The annotated dataset supported the training of the Multilevel Hierarchical Clinical-Longformer Embeddings (MHCLE) model, enabling structured prediction of SDOMHs from unstructured text. These efforts collectively aimed to advance computational methods for understanding how social factors of mental health contribute to OUD progression and to create a reusable benchmark for future research in clinical NLP and health informatics.
Data files
model1_2636.csv: the first column are clinical notes (texts) which we have removed due to sensitive information and specified subject ids instead and remaining column is the label which states whether opioid use disorder present or absent for which we used binary class as 0 or 1.(present = 1, absent = 0)
model2_2636.csv: the first column are clinical notes (texts) which we have removed due to sensitive information and specified subject ids instead and remaining column is the label which states whether social determinants of mental health (SDOMH) is present or absent within the text for which we have used binary class as 0 or 1 (present = 1, absent = 0).
model3_2636.csv: the first column are clinical notes(texts) which we have removed due to sensitive information and specified subject ids instead and remaining column are the labels which states exactly which determinants are present or absent out of 13 SDOMH. For these multilabels,we have binary class as 0 or 1 for each SDOMH labels (present = 1, absent = 0). The 13 SDOMH are: Socially Detached, Health Care Handover, Obstacles to Medical Care, Financial Uncertainty, Residential Instability, Nutritional Shortage, Violence, Judicial Obstacles, Substance Misuse, Mental Disturbance Symptoms, Acute Pain, Medical Disability, and Suicide Mortality, respectively.
Code/Software
Python (3.9+). Used for preprocessing, annotation orchestration, modeling, and evaluation.
Common Python libraries (open-source):
pandas (tabular I/O and cleaning)
numpy (vectorized ops)
NLTK (tokenization, lemmatization; download punkt, stopwords, wordnet)
PyTorch (deep learning backend; CPU/GPU)
transformers and tokenizers (loading Clinical-Longformer/ClinicalBERT etc)
scikit-learn (metrics/utilities)
matplotlib (optional figures)
GPU (optional): Any CUDA-capable NVIDIA GPU (e.g., A100 as used in the study) accelerates training/inference; CPU works for small tests.
OpenAI API (optional): Only needed if you wish to replicate HLLIA’s LLM-assisted labeling step (GPT-3.5/4) rather than using the already-provided labels.
The dataset itself (notes and labels) can be viewed with any text editor or spreadsheet tool (e.g., VS Code, Excel, libreoffice).

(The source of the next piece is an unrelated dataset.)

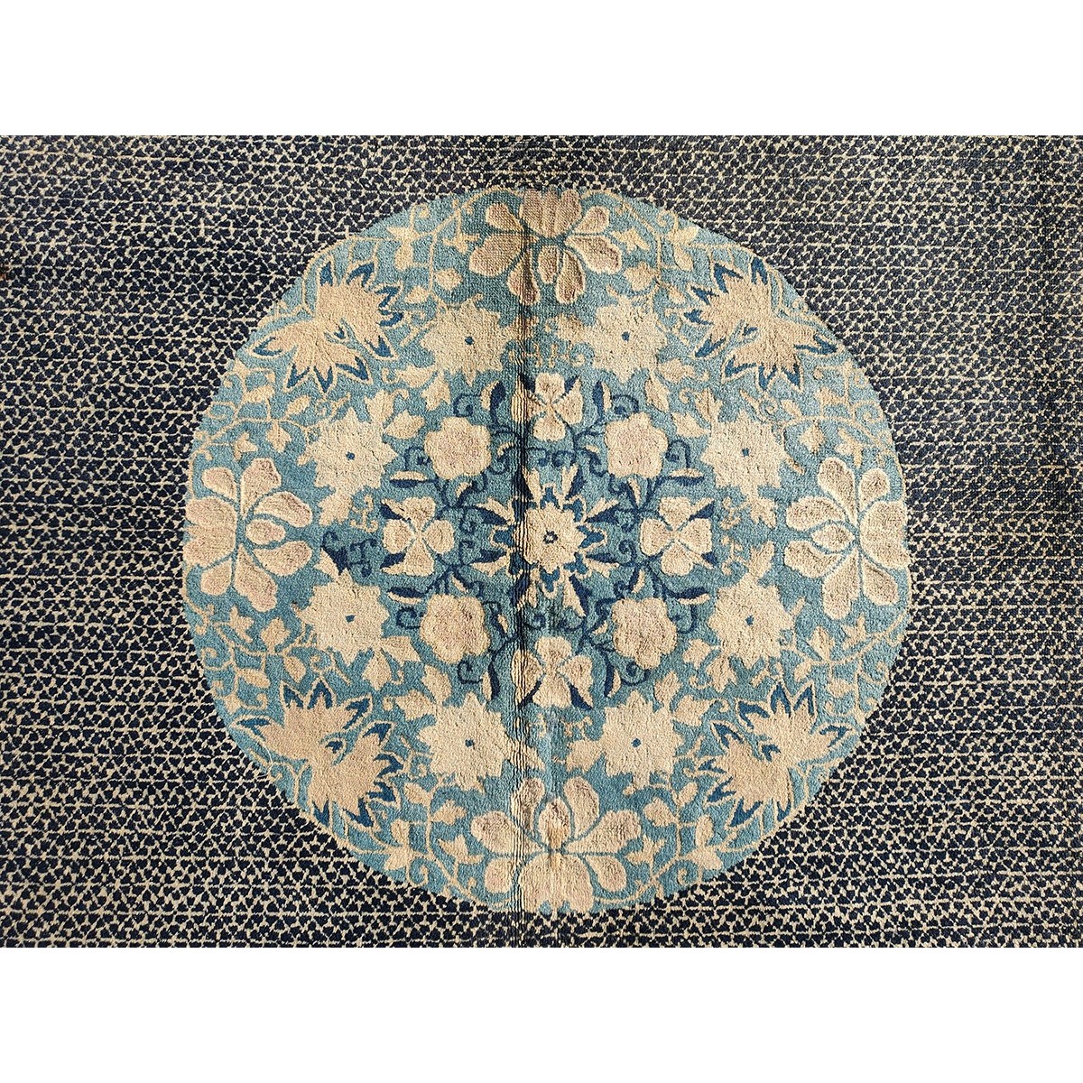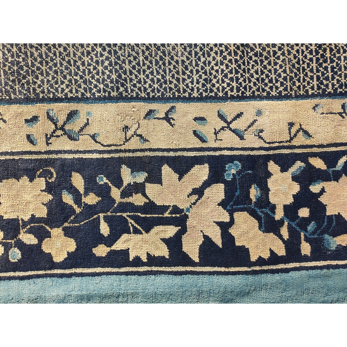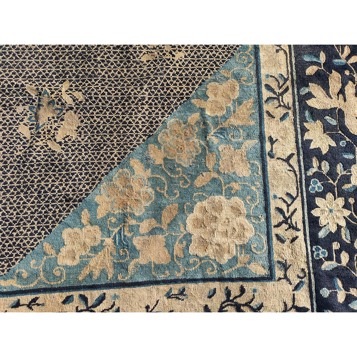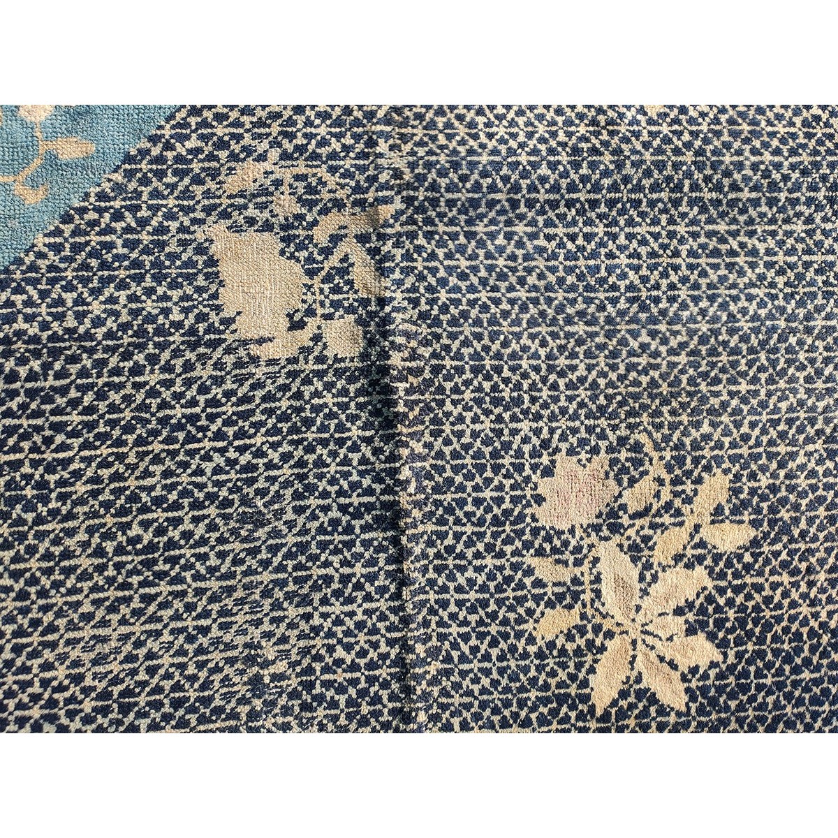 DescriptionChineseCarpets made in China proper. See entries Ningshia, Peking, Art Deco. Chinese - PekingThe commercial Peking carpet is a later 19th century development, begun by importing weaves from Ningshia (see entry) to create and export industry aimed at Western markets. The foundation is cotton and the pile is a good quality carpet wool which takes dyes particularly well. The neat medium weave is in Persian (asymmetric) knots. Designs are strictly Chinese and the whole motif repertoire of Chinese art is employed. Blue and white is the most popular color combination and red is particularly rare. Sizes tend to 9 x 12 and larger, and few small pieces appear. For a short time in the early 1920s Persian designs were woven to capitalize on the death of new Iranian goods. The industry decimated by the Communist Revolution relocated to the Pearl River area. There is a good supply of antique carpets at reasonable prices. | |

No proprietary software is required.
Access Information
Other publicly accessible locations of the data:
Data was derived from the following sources:
-
https://physionet.org/content/mimiciv/3.1/
Follow this below steps:
Create a PhysioNet Account
Go to https://physionet.org. Click 'Sign Up' and register with your institutional or academic email. Verify your email address - this is required before proceeding.
Go to the MIMIC-IV-Note page on PhysioNet -> click “Request Access”.
Sign the Data Use Agreement (DUA) and upload your CITI completion report.
Download or Access the Data: Once your request is approved,Navigate back to the MIMIC-IV-Note project page.
You can: Download ZIP or CSV files directly (de-identified free-text notes), or Use Google BigQuery / AWS cloud access for large-scale querying.
Human subjects data
Please note this are deidentified clinical notes from MIMIC IV datasets which are publicly accessible.We hold PhysioNet credentialed access and adhere to its Data Use Agreement (DUA).